Proof that this property is an invariant of the outer loop:

• before the first passage through the loop: there are no k with i < k <= len - 1, so the statement is trivially true.
• Suppose that the property is true before the iteration when i equals say x. We need to show that the same property will be true after the iteration when i will be equal x-1.
(1) for all k with x < k, arr[k] <= arr[k+1]<=... <= arr[n-1]
(all numbers strictly to the right of x are ordered)
and
(2) for all k with x < k and for all m with m <= x, arr[m] <= arr[k].
(all numbers to the left of x including x are smaller than the numbers on the right)
All that happens in the iteration is: the inner loop executes and finds the index of the greatest number between 0 and x (inclusive). That number is then swapped to the position x.
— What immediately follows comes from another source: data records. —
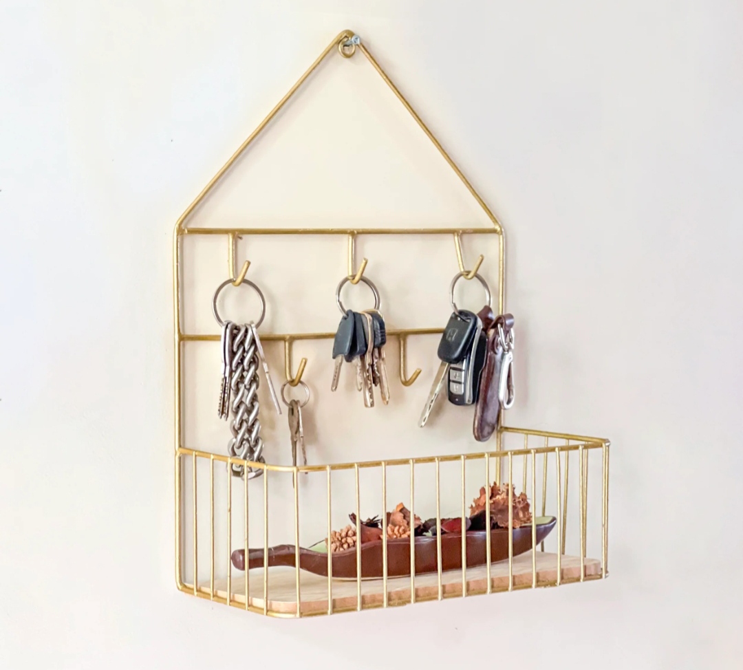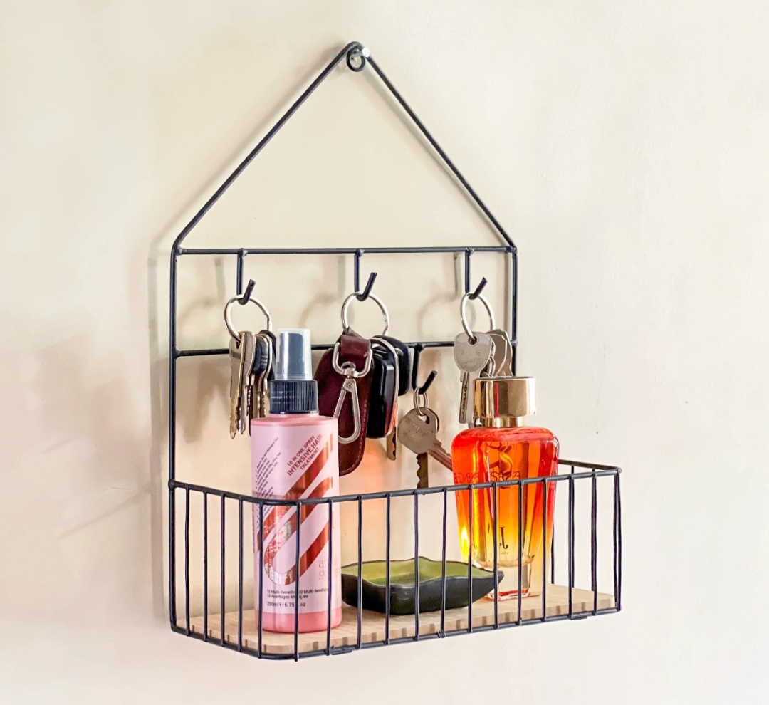 Say goodbye to misplaced keys and cluttered countertops. This House-Design Storage Basket Shelf is a functional masterpiece for the modern home. The geometric frame provides a charming “home” silhouette, while the dual-layer hook system and basket provide maximum utility in a compact footprint.
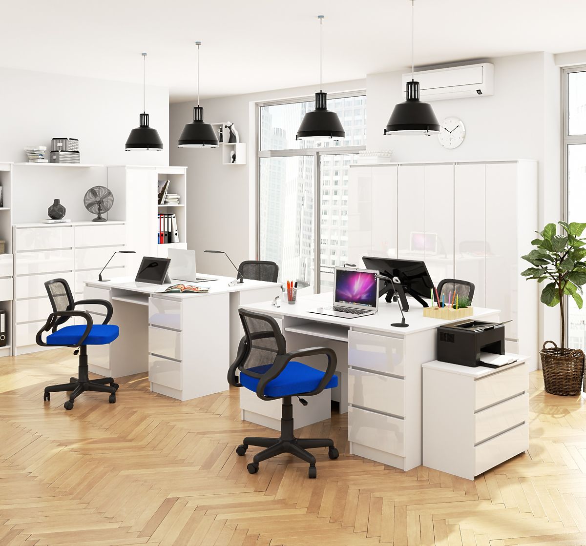 Az egyszerű, mégis elegáns fehér asztal időtlen és univerzális választás, amely irodában és lakótérben egyaránt megállja a helyét. Különösen alkalmas otthoni dolgozószobába, gyerekszobába vagy diákszobába, ahol kényelmes és esztétikus helyet biztosít a munkához vagy tanuláshoz. A bútor praktikus, kihúzható billentyűzettartó polccal és hat tágas fiókkal van felszerelve, amelyek minden szükséges irodai kelléket elnyelnek.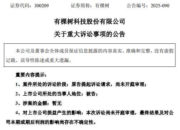 至于本次诉讼对公司的影响,公告称,本次诉讼尚未开庭审理,公司将组织力量积极应诉。最终结果和对公司本期利润或期后利润的影响存在不确定性。公司认为本次诉讼对公司现有的治理结构不会产生重大影响,公司将依法依规参与诉讼程序,积极稳妥应对上述事宜,并持续关注案件进展,及时披露本诉讼的后续相关进展情况,切实维护公司及全体股东的合法权益。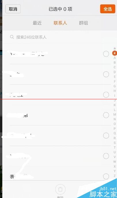 9、这个就完成了这个批量删除联系人啦,这样就不用你一个一个的去删除,是不是很方便,也很简单,省了不少时间呢。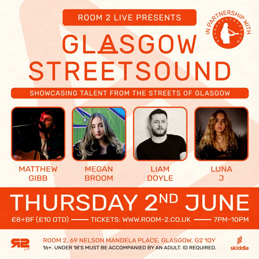 4 musical acts were to perform in a night about City streets (Glasgow) & busking. Room 2 is a great venue and there was a special soul at the place last night. It’s special in that its layout was so well designed so that it can be host to any and every form of music there is. The night may prove beneficial for the ever so personal acts, all of whom stayed wonderfully in character, an evening for guitar and vocals, to own the stage in its also decent proportions.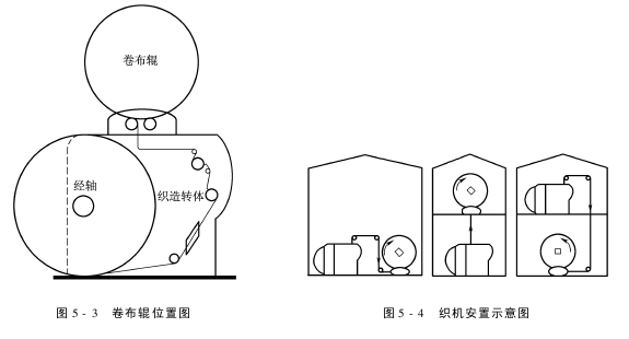 中心电气操纵元件和纬纱供给组件都集中装在机架上。依据场地面积大小,卷布装置可以安排在织机上方(图5-3)。织机的安装也可以多种形式,如图5-4所示,卷布轴可在同意条件下完可能多的设置。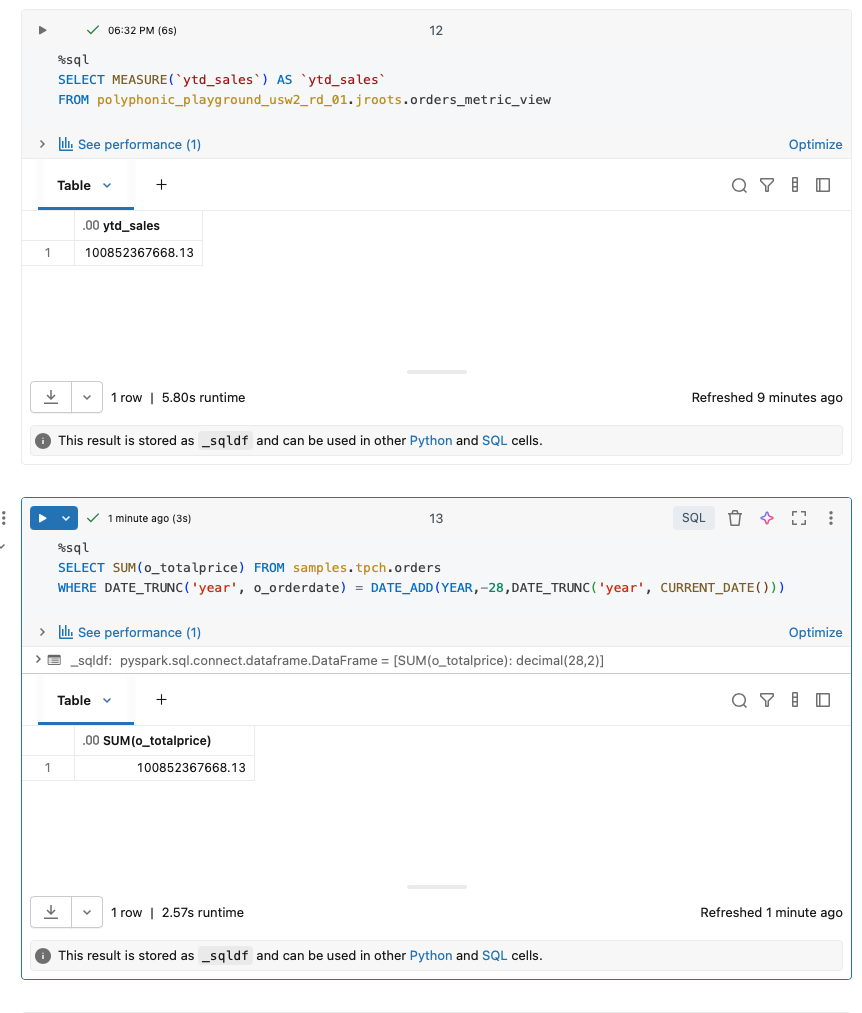 To get "YTD for the calendar year containing current_date()," you currently have to push the notion of "current year" into the query instead of the metric view definition, for example, by filtering on DATE_TRUNC('year', date) = DATE_TRUNC('year', CURRENT_DATE()). Putting CURRENT_DATE() / CURRENT_TIMESTAMP() directly in the metric view YAML makes the definition invoker-dependent, which is why materialized metric views then stop working (they canโ€™t be reused if the definition depends on evaluation time).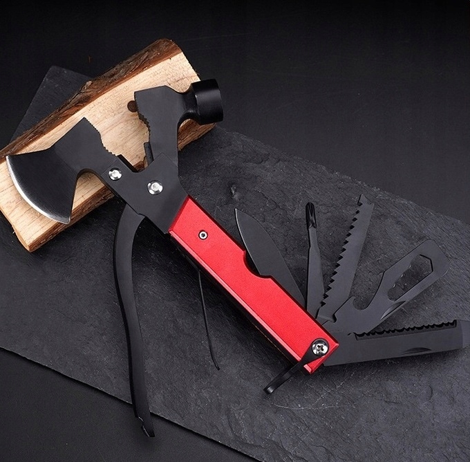 Инструмент напоминает плоскогубцы и имеет форму и функцию молотка и топора. компактное использование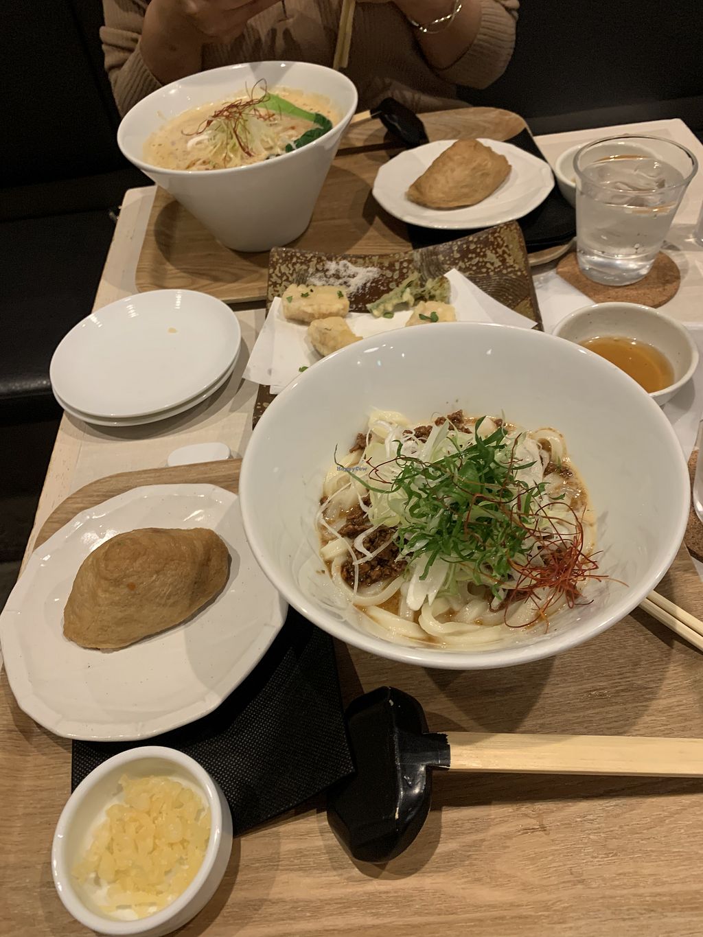 Soy milk tan tan and the normal tan tan udon with inari sushi.

From (2) we know that this number is smaller than all numbers to the right of x and from (1) we know that those numbers are ordered in ascending order, so now we have
(1') for all k with x <= k, arr[k] <= arr[k+1]<=... <= arr[n-1]
(all numbers to the right of x including x are ordered)
We also know that the number at x is the greatest in the range from 0 to x, so we have (2') for all k with x <= k and for all m with m < x, arr[m] <= arr[k]
(all numbers to the left of x are smaller than the numbers on the right)
Finally the outer loop decrements i so we have to reformulate (1') and (2') for the new value of i which is x-1: (1) for all k with len-1 >= k > i, arr[k] <= arr[k+1]<=... <= arr[n-1]
(all numbers strictly to the right of i are ordered)
(2) for all k with len - 1 >= k > i and for all 0 <= m <= i, arr[m] <= arr[k].

### And finally...

When i = 0 the invariant of the outer loop becomes
arr[0] <= arr[1] <= ... <= arr[len-1] so the array is sorted.